Really, this design concept isn't so far off. It's probably a long ways from bulk commercial production, because it's kind of an expensive prospect at this point, but the actual implementation is within our grasp.
The electromechanical functions of the prosthesis may be complicated, but this has all been done by robotics research groups focusing on control of biofidelic movement.
The interface linking the peripheral nerves to the prosthesis is a three-stage problem:
1. The "plug-in" interface on the prosthesis itself.
Comparatively speaking, this is trivial.
2. The direct tie-ins between the implanted cybernetic interface (ICI) and the nerves.
This is not so trivial. However, referring back to
previous entries including research on the
FINE (flat-interface nerve electrode), we can see that the groundwork for this stage is well underway.
3. The implantation and long-term maintenance of the ICI itself, the physical module that will interface mechanically with the body and the prosthesis.
This is probably the most difficult part of the entire design. I foresee three areas of primary concern:
A)
Mechanically, this unit has to hold up under not-insignificant loading; it has to be firmly anchored in the limb, and it has to transmit forces between the limb end and the prosthetic. Ideally, it will perform as a nearly-seamless mechanical interface with little to no maintenance requirements, because repairs on this level will likely require surgical intervention.
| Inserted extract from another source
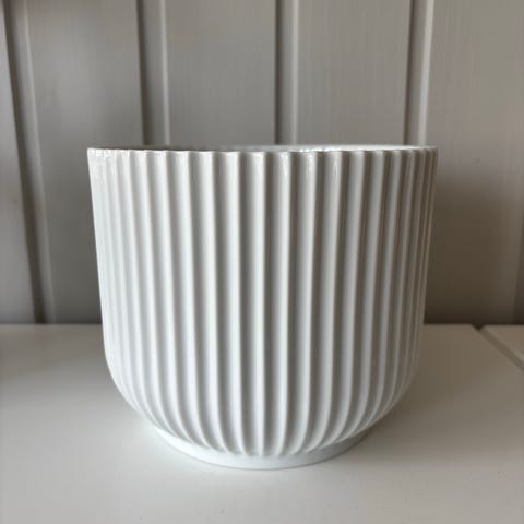 Vita utepotte med fat selges. Denne potten finnes i 3 størrelser, og dette er den største, høyde 44 og diameter 39. Veldig fin potte, men ble litt for stor hos meg.
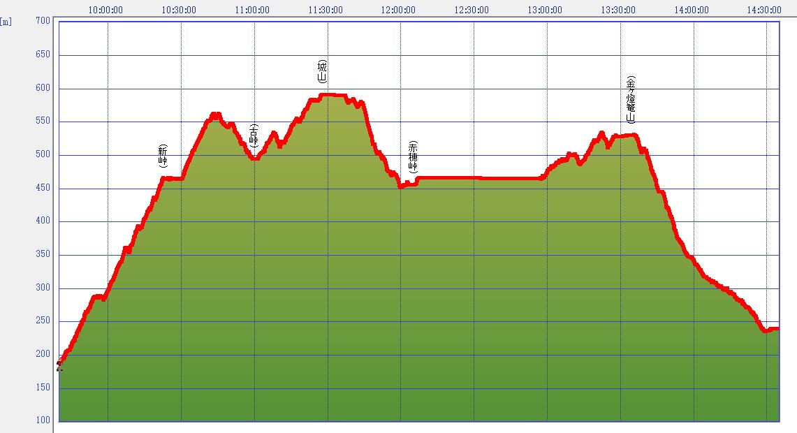 コースタイム - JR海田駅集合9:00〜(9:30)ふれあいバス乗車〜運動公園 トイレ体操後出発(9:35)〜新峠(10:20)〜(10:55)古峠(11:05) 〜(11:20)城山(11:40)〜(12:05)昼食赤穂峠(13:00)〜 (13:25)金ヶ灯篭山(13:35)〜障碍者活動センタ−下山口(14:00) 〜広電バス熊野車庫(14:30) 報 告

B) Electrically, the ICI needs to maintain good contacts with the prosthesis. Over time, various elements may require replacement; this shouldn't be too much of a hassle.
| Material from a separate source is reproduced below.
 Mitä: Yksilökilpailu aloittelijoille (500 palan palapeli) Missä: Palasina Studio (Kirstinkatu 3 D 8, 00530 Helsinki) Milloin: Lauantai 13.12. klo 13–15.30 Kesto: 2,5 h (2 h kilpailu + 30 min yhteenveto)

C) Biologically, the ICI should not provoke any kind of long-term inflammatory or immune response. Here, it is important to recognize that the direct neural interface will require a permanent disruption in the body's natural coverings (skin, underlying connective tissues). On the biological side of the interface, at some point the natural and the synthetic will meet. Some questions here involve the extent of skin coverage -- will the skin be continuous over the end of the limb, or will it end at a seam along the edge of the ICI? If the skin is continuous, will it cover most of the ICI surface (in which case irritation will be a concern where the skin touches the prosthesis), or will the ICI fit over it like a cap (in which case irritation is still a concern)?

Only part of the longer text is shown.